Supplied entries =>
·····

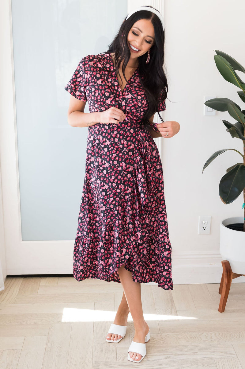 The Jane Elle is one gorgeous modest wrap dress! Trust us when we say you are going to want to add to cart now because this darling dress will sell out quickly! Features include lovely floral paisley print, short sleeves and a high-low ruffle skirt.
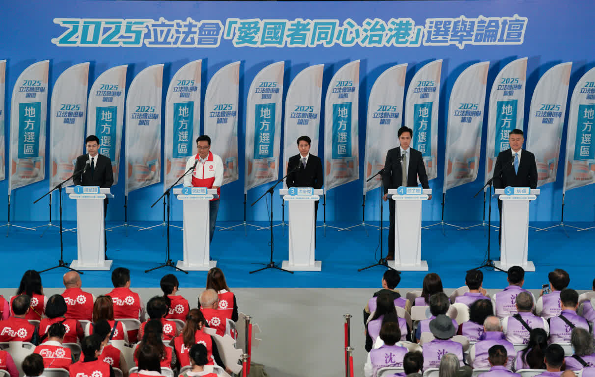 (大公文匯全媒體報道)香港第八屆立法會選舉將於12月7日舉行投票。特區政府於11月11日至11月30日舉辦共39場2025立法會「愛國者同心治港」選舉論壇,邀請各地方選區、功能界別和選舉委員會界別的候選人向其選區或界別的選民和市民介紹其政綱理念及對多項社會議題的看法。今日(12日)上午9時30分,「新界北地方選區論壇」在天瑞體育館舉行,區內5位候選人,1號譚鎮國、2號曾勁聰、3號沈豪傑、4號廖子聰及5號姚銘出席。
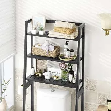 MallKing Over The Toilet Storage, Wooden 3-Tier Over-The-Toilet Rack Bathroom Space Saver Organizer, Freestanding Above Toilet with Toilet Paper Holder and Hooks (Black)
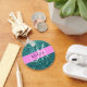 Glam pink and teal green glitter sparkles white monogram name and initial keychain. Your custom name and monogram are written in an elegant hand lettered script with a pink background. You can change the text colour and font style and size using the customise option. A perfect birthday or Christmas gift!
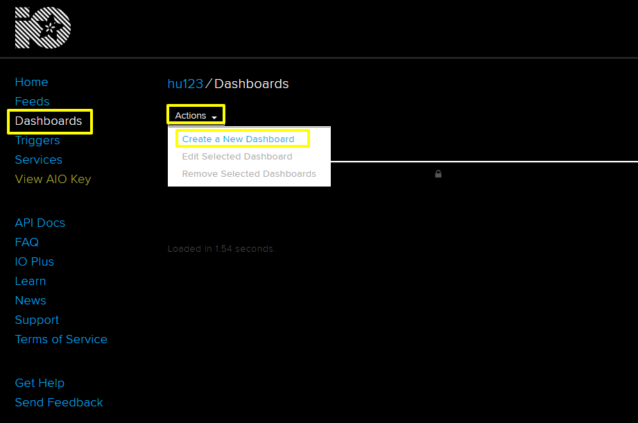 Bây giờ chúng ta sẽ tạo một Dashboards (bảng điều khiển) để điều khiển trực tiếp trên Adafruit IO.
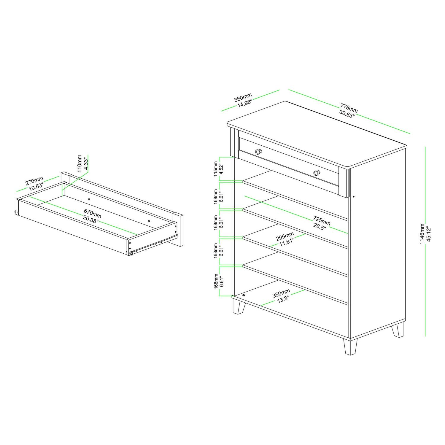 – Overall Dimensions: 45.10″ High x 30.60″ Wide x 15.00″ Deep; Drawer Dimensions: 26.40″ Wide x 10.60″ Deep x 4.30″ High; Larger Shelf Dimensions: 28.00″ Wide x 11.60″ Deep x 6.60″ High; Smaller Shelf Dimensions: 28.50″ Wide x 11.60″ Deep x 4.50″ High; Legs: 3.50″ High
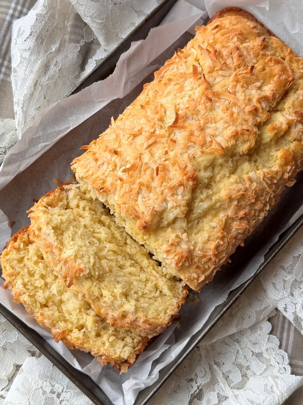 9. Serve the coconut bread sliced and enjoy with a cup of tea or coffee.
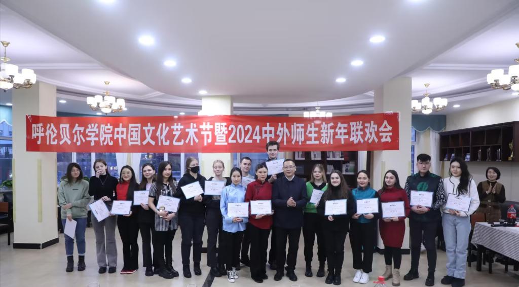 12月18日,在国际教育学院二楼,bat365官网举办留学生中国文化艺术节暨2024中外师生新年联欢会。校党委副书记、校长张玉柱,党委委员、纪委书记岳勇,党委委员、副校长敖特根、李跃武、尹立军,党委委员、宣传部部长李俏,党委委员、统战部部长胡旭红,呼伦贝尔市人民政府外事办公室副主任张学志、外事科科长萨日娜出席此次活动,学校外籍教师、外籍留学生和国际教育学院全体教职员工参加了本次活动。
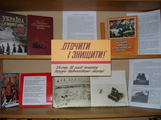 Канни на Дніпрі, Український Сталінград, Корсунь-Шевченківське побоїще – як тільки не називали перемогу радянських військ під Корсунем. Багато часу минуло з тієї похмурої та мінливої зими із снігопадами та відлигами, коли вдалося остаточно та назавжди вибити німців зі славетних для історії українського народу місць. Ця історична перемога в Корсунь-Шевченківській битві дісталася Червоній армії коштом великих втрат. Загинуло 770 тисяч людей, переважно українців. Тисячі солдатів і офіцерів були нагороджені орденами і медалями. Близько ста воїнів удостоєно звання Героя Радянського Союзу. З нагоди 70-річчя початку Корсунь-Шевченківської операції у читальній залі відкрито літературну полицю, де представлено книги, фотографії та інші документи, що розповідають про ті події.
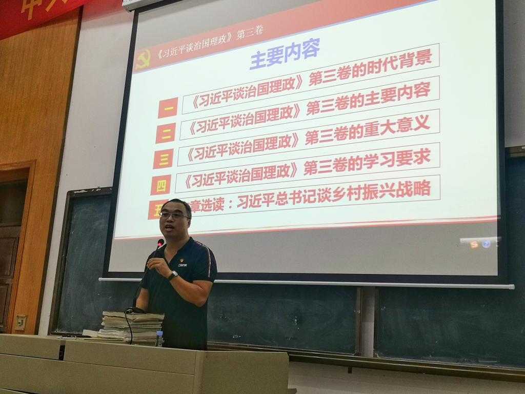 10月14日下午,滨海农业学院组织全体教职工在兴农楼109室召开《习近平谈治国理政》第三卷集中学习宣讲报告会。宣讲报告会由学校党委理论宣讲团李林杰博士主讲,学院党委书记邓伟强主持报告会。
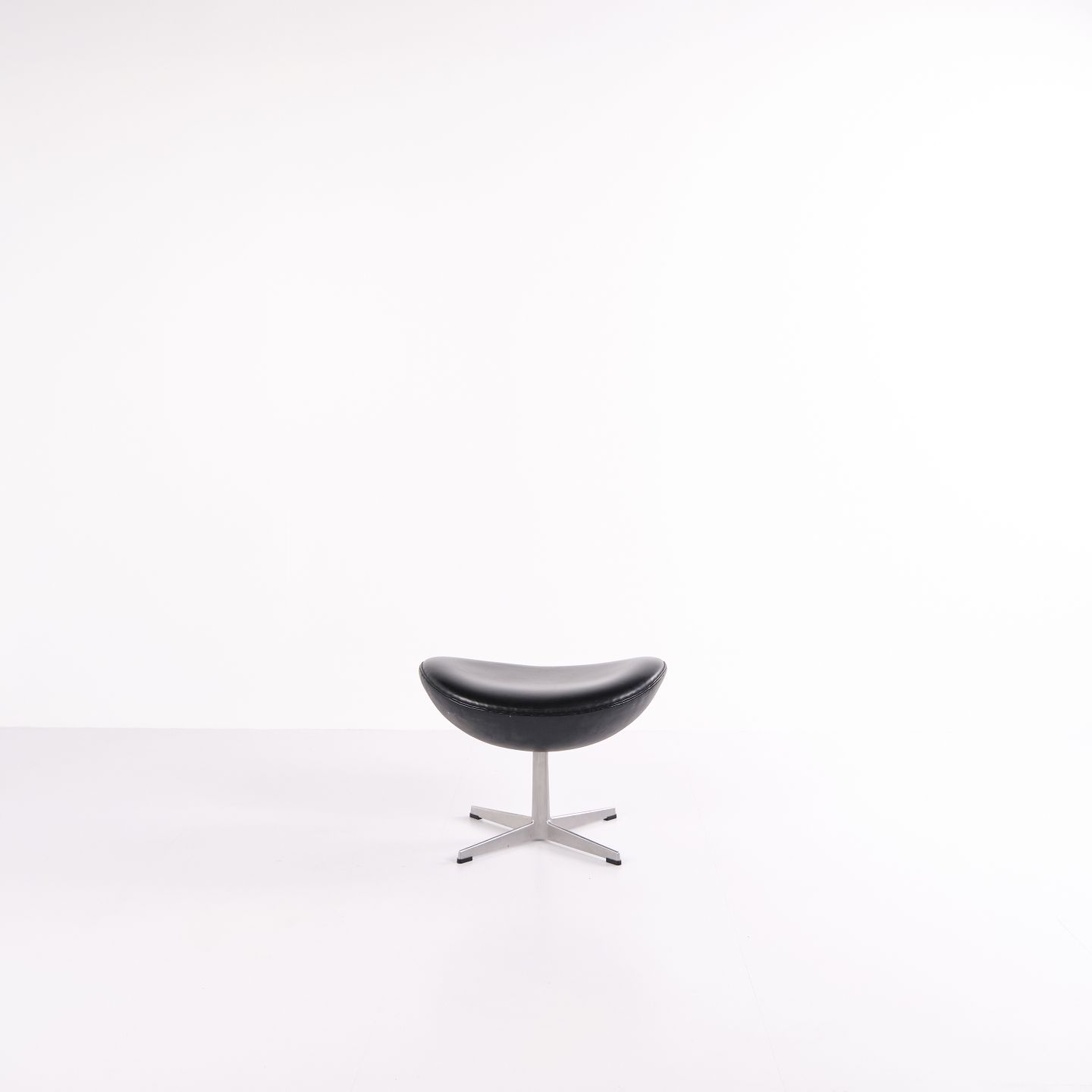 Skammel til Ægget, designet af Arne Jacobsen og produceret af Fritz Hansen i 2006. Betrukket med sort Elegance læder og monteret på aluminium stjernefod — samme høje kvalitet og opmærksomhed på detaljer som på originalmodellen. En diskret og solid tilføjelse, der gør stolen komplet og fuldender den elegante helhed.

·····

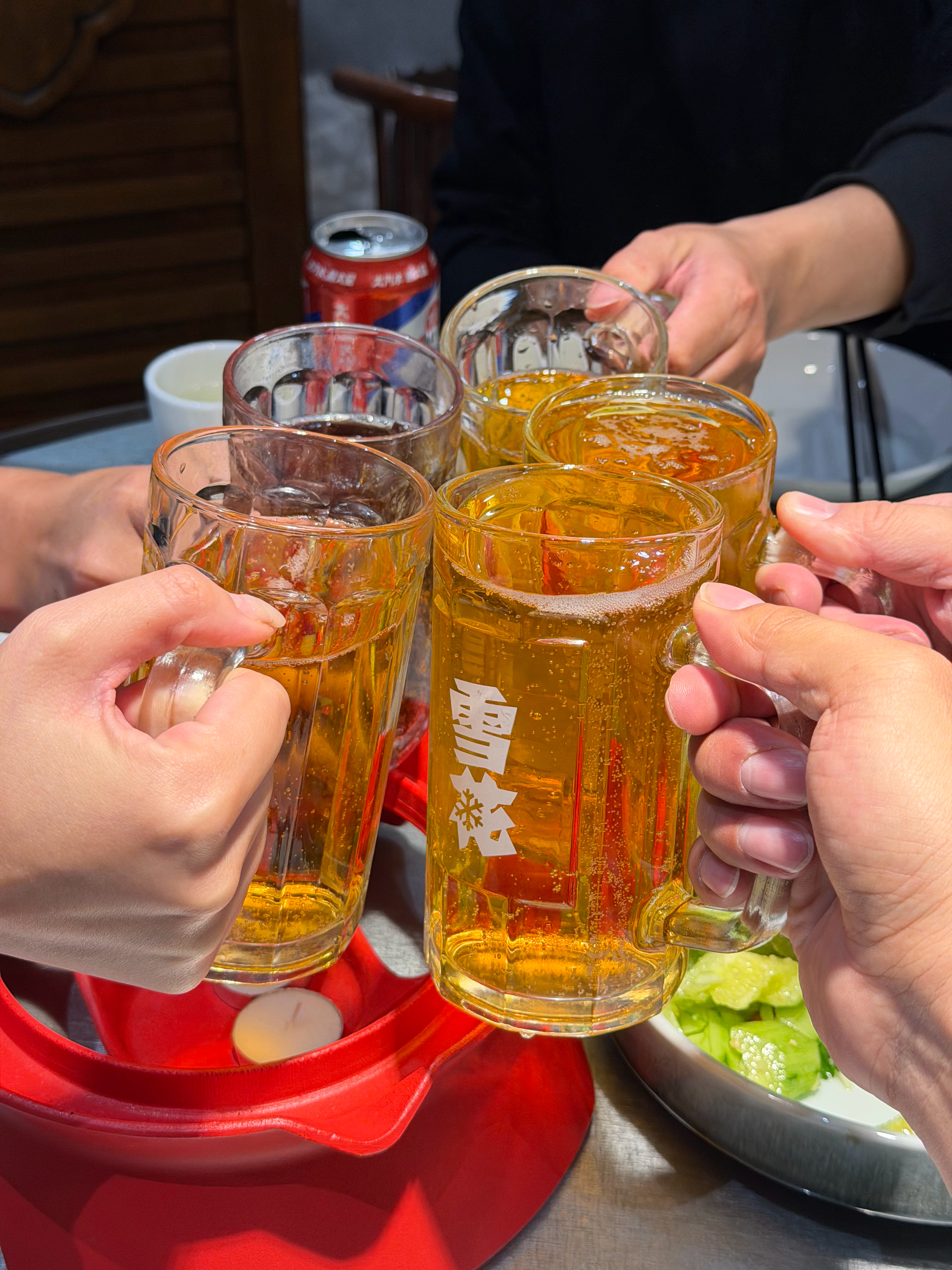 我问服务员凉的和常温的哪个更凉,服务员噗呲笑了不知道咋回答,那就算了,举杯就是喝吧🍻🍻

·····

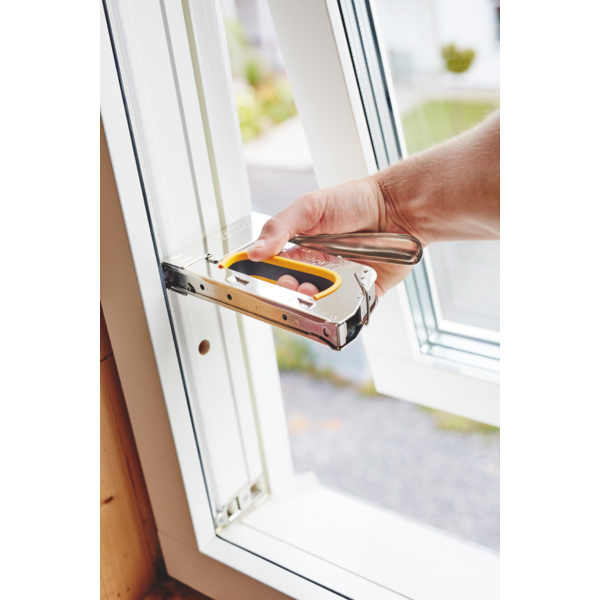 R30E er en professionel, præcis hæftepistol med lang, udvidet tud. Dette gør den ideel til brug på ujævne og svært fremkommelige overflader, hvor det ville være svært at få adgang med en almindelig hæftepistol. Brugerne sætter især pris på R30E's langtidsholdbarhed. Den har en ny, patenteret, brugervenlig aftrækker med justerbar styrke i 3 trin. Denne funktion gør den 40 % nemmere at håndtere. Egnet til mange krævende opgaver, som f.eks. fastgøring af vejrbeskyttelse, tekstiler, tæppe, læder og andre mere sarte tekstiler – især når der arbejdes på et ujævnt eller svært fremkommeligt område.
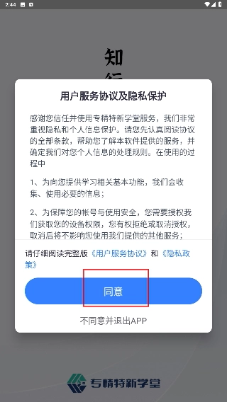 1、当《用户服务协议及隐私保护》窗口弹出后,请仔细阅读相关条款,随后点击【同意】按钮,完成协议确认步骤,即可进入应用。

·····

Aim of the exercise => Looking at the listing above, which lines run from the one containing "Канни на Дніпрі, Український" through the one containing "Skammel til Ægget, designet"? Print exactly those, ends included, pictures excluded.

Result =>
 Канни на Дніпрі, Український Сталінград, Корсунь-Шевченківське побоїще – як тільки не називали перемогу радянських військ під Корсунем. Багато часу минуло з тієї похмурої та мінливої зими із снігопадами та відлигами, коли вдалося остаточно та назавжди вибити німців зі славетних для історії українського народу місць. Ця історична перемога в Корсунь-Шевченківській битві дісталася Червоній армії коштом великих втрат. Загинуло 770 тисяч людей, переважно українців. Тисячі солдатів і офіцерів були нагороджені орденами і медалями. Близько ста воїнів удостоєно звання Героя Радянського Союзу. З нагоди 70-річчя початку Корсунь-Шевченківської операції у читальній залі відкрито літературну полицю, де представлено книги, фотографії та інші документи, що розповідають про ті події.
 10月14日下午,滨海农业学院组织全体教职工在兴农楼109室召开《习近平谈治国理政》第三卷集中学习宣讲报告会。宣讲报告会由学校党委理论宣讲团李林杰博士主讲,学院党委书记邓伟强主持报告会。
 Skammel til Ægget, designet af Arne Jacobsen og produceret af Fritz Hansen i 2006. Betrukket med sort Elegance læder og monteret på aluminium stjernefod — samme høje kvalitet og opmærksomhed på detaljer som på originalmodellen. En diskret og solid tilføjelse, der gør stolen komplet og fuldender den elegante helhed.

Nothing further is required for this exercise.